■ EXERCISE OBJECTIVE
In the entries below, find the line containing "編み順の関係で指の配色がこうなりました。" and the line containing "American-style living room". Copy those two lines and everything between them exactly, without the pictures.

■ DATASET RECORDS

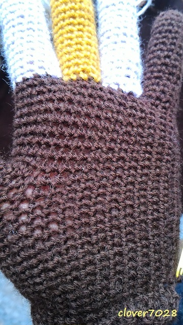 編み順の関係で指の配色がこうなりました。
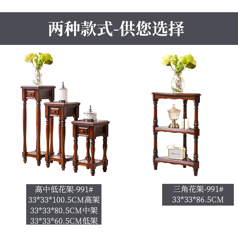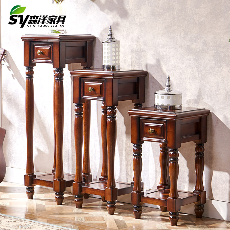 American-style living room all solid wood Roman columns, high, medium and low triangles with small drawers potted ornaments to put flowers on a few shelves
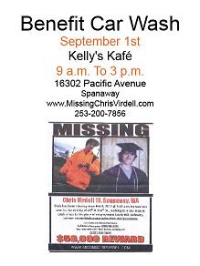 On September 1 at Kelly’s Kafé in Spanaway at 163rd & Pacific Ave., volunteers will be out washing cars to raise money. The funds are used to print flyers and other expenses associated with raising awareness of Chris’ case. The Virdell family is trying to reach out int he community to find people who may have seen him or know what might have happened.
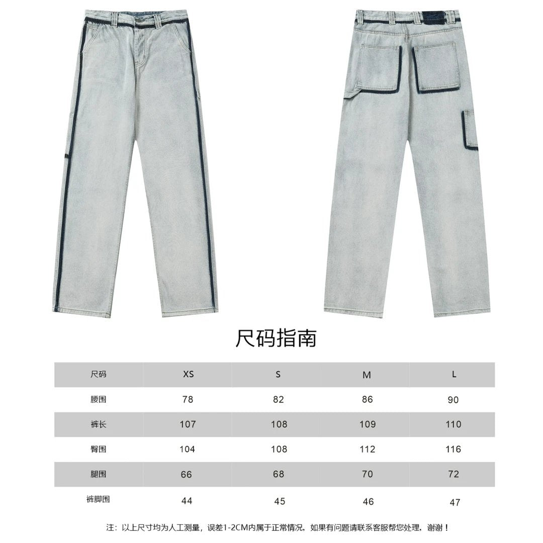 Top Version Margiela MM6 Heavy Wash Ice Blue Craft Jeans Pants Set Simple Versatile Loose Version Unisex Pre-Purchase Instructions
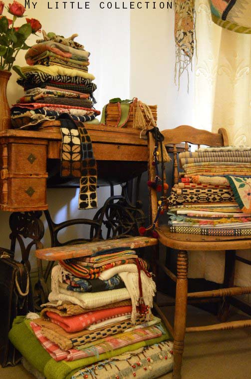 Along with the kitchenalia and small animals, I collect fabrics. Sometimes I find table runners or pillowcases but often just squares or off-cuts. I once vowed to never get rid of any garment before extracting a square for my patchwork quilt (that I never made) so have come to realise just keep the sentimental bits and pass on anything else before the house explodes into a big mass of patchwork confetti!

* * *

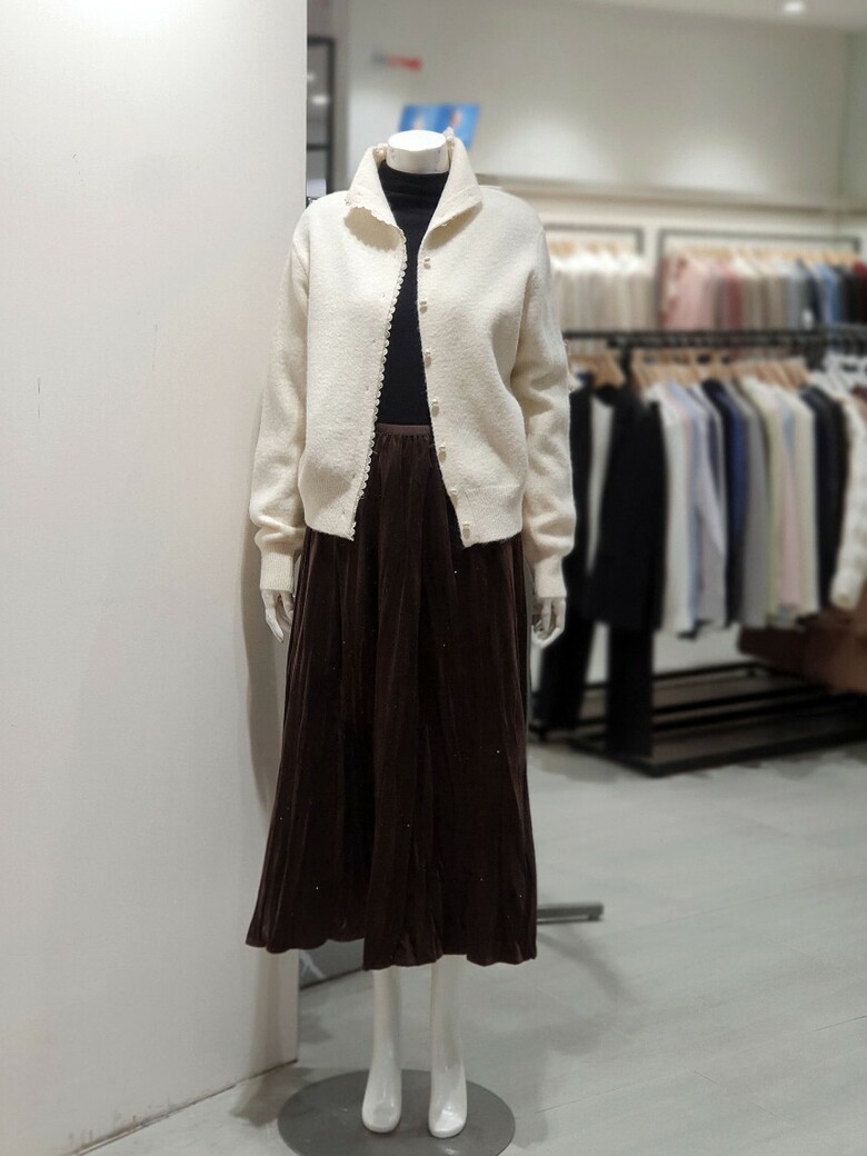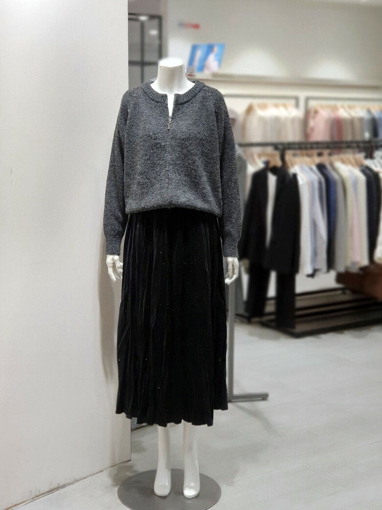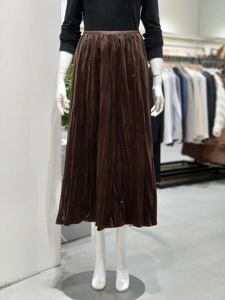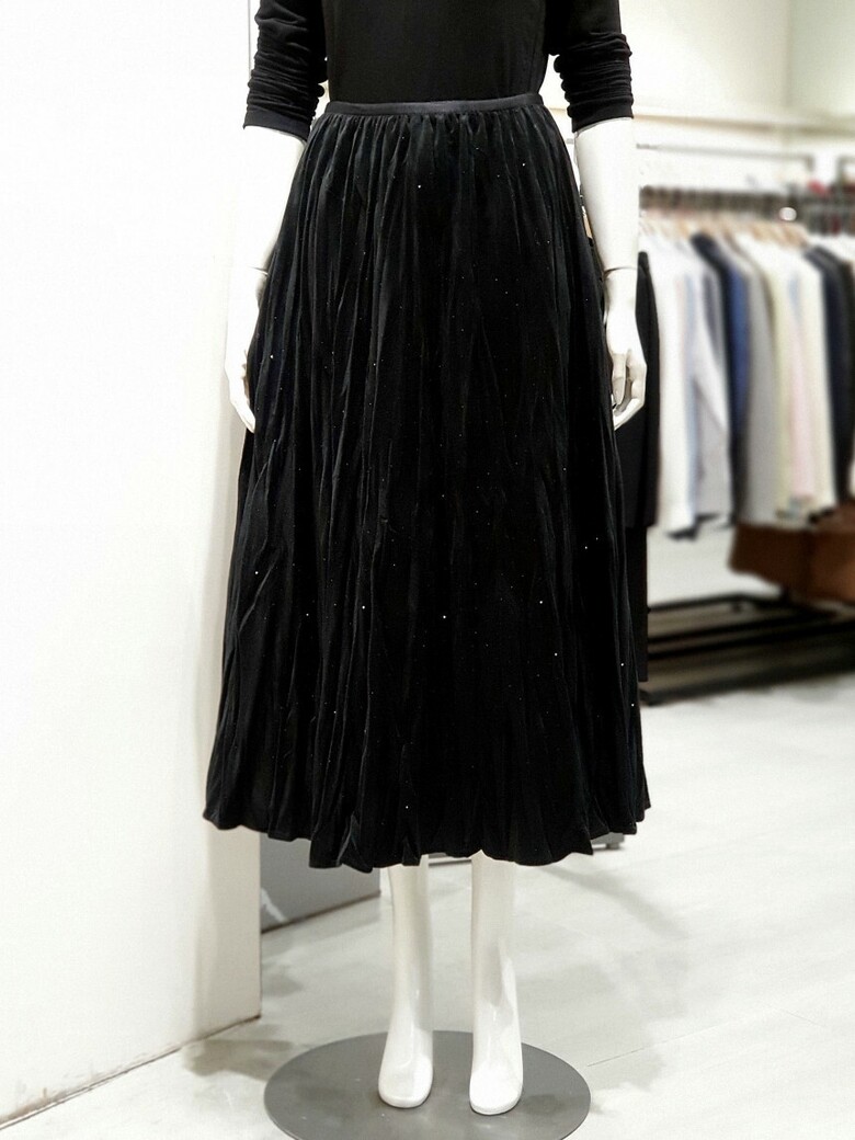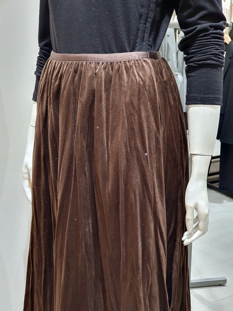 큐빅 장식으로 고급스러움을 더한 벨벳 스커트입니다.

■ WRITTEN SOLUTION
 編み順の関係で指の配色がこうなりました。
 American-style living room all solid wood Roman columns, high, medium and low triangles with small drawers potted ornaments to put flowers on a few shelves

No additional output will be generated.